Other than annual testing for micro identified in our HACCP plans (which always comes out in favor of our HACCP), we do not test our products for micro (APC, Coliform, Yeast & Mold) and we received a minor for not having such procedure. Now we are preparing a procedure for testing but seem to hit a wall when it comes to frequency of testing. 

 

We are a small scale company and cannot afford to test every lot or do a skip lot test. If there any guidelines on determining the frequency of finished product testing?

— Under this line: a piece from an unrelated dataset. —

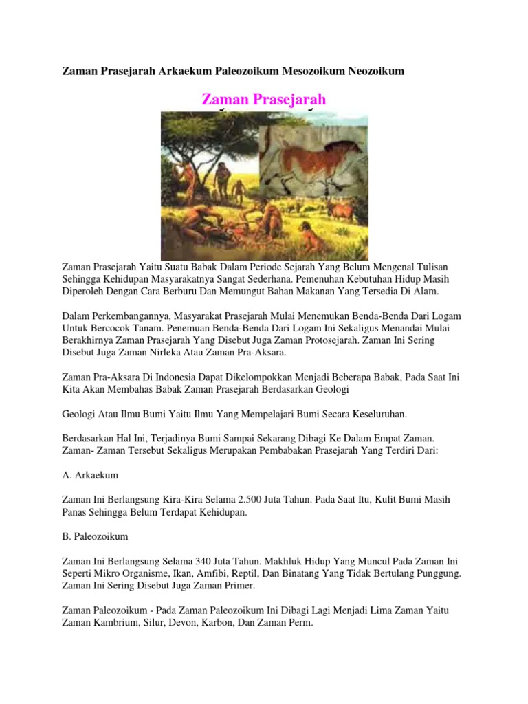 Kulit bumi masih sangat panas, karena masih dalam proses pembentukan. Sesuai dengan zamannya, kehidupan manusia pada masa batu tua cenderung bersifat sederhana. Aktiviti 2 (± 20 minit) 1. Zaman tertua di dalam perkembangan bumi dan segala yang hidup di bumi, berumur sekitar 545 sampai 4.5000 juta tahun yang lalu. Gua cha, kelantan, gua musang, kelantan, gua bewah, hulu terengganu, terengganu, zaman neolitik:

I would like to have document as a back up for the frequency we determine. 

 

Hi chavalik,

 

So what type of products are involved?

 

I assume the reason for mentioned micro testing of finished products  is to verify the haccp plan.

 

JFI, Other than possibly "mould", the micro. items you refer are not related to Food Safety in a product context.

 

So i am rather puzzled as to the reason for yr receiving a (I presume) safety-related NC ? (If you had included pathogens it might make more sense.)

 

The sampling/testing frequency is typically required to be based on risk assessment.

 

If yr unknown products are all haccp low risk and yr analytical results are 100% non-argumentative from a safety POV, the actual requirements are probably minimal from an auditorial POV.

 

A quite elegant, albeit simple, risk-based answer is offered in the first link within this post and an example of its forum use in 2nd link -

 

http://www.ifsqn.com...611/#entry90991

 

Other links in same post discuss various related frequency situations

 

Assuming all products are low risk as above, you could simply define a number of "rotated representative" items to be tested on a weekly/monthly/bimonthly/etc basis (as logistically/financially realistic) and use the above linked risk procedure to show satisfactory overall adequacy.

 

Alternatively, you might (for "show") expand above by initially slightly exceeding yr intended frequency then reduce it based on "no problems".

 

Obviously if yr products are not all equal low risk or there are some existing micro difficulties, the above method(s)may not work without some modification.